People who have money understand this principle – often having made a lot of it as salesmen, convincing other people of its opposite. The job of a salesman isn’t to save you money. It is to make money  . . . by convincing you to buy something.

Like a hybrid or an electric car, for instance. There are many reasonable reasons for buying one or the other but don’t kid yourself that you’ll be saving money. 

It is perfectly true that a hybrid car will save you money on gas – because it burns less of it. And it is true you’ll spend nothing on gas if you buy an electric car, which doesn’t burn any gas at all.

But what does all this “saving” cost you? 

A new Toyota Prius hybrid stickers for $24,525.  A new Toyota Corolla – which is otherwise similar – stickers for $20,075.

The Prius averages 56 MPG. The Corolla 33. On roughly 11 gallons of gasoline the Prius will go about 600 miles before it needs more gas. The Corolla can travel about 450 miles on 13 gallons (it has a slightly larger gas tank). Call it 400 miles to account for the additional two gallons of gas the Corolla’s larger tank holds. 

So, the Prius goes about 200 miles farther on roughly the same quantity (about 11 gallons) of gasoline. You have saved about $19 – the cost of the roughly six gallons of gasoline (at about $3.20 per gallon) you didn’t have to buy. If you fuel up once a week, your savings per month amounts to about $76; over the course of a year, you will have saved about $912 on gas vs. what you would have spent to drive the Corolla the same distance.

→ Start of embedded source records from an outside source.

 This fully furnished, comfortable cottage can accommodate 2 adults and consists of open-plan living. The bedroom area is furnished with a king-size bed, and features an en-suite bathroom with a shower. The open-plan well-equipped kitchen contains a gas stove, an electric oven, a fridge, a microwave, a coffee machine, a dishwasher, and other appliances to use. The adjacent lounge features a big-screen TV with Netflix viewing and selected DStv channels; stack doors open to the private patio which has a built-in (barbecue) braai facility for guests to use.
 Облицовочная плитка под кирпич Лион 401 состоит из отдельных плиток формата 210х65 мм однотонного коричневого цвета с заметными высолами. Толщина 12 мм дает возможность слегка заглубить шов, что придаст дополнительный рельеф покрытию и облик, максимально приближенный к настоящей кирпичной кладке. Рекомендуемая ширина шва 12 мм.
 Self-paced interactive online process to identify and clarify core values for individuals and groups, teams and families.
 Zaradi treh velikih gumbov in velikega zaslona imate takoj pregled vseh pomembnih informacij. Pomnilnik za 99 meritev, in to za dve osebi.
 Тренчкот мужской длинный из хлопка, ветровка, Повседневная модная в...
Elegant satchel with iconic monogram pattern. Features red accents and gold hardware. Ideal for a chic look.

But you spent $4,450 more on the Prius, itself.

It will take you about 5-6 years of “saving” on gas to make that back. More than that, actually – because in addition to spending that $4,450 on the Prius, itself, you also probably paid more in taxes on the Prius – as taxes are based upon the purchase price/retail value of the vehicle. Also probably on insurance, which is based on the replacement cost of the vehicle. A vehicle with a higher replacement cost will usually cost more to insure.  

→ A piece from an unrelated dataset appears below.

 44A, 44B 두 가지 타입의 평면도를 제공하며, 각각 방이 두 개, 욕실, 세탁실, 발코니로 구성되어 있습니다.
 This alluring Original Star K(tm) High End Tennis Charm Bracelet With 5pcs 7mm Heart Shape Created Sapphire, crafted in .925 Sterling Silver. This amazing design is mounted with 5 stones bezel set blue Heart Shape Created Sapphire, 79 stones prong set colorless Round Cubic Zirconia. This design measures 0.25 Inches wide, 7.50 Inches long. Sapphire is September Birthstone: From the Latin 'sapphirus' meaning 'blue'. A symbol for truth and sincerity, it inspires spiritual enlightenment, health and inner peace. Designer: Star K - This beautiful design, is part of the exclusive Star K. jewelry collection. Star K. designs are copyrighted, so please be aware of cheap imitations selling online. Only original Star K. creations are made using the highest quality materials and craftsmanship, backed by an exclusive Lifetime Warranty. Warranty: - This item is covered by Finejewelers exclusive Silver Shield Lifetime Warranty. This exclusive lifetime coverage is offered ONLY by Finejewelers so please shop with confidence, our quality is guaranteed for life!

There is also the cost of depreciation.

The Prius will have lost a proportionately greater percentage of its original value and if you think that doesn’t cost you money, think about it some more.

But these are incidental costs relative to the one that’s going to cost you the most, eventually. That being the cost of replacing the battery pack in the Prius. 

At some point , the battery that is key to the hybrid’s gas mileage savings may no longer be holding as much charge as it was capable of holding when it was new. This is as inevitable as winter following fall.

You may get many years out of the battery before capacity degradation this becomes noticeable. But you are not likely to get the 15-20 years and more that you’re likely to get out of a Corolla before anything comparably costly requires replacement.

A used/refurbished battery pack for a Prius currently costs about $1,100 or so. It’s a cost you’ll pay either to keep the Prius “saving” you on gas – or a cost you’ll eat when you decide to sell/trade your tired-battery Prius, as dealers are well aware of the battery life problem and they aren’t going to fail to factor in to their offer what it’s going to cost them to put a a refurbished battery pack into your trade-in hybrid, in order to be able to re-sell it to someone else.

So, not counting the higher taxes on the purchase of the more expensive hybrid and the probably higher cost to insure it, you will have spent in the neighborhood of $5,550 to “save” on what you would otherwise have not spent at all on the Corolla.

The “savings” are probably worse than that, too, as Corollas routinely go for 20 years or longer before their owner is obliged to spend anything substantial to keep them going. And a mechanically sound 20-year-old Corolla is still a pretty safe bet for reliable service for many more years to come after that. It may need a new $100 starter battery at some point. But you can buy a lot of starter batteries for the cost of one hybrid battery.

Actually, you could buy about 340 gallons of gasoline. That’s enough to take you about 11,000 more miles down the road…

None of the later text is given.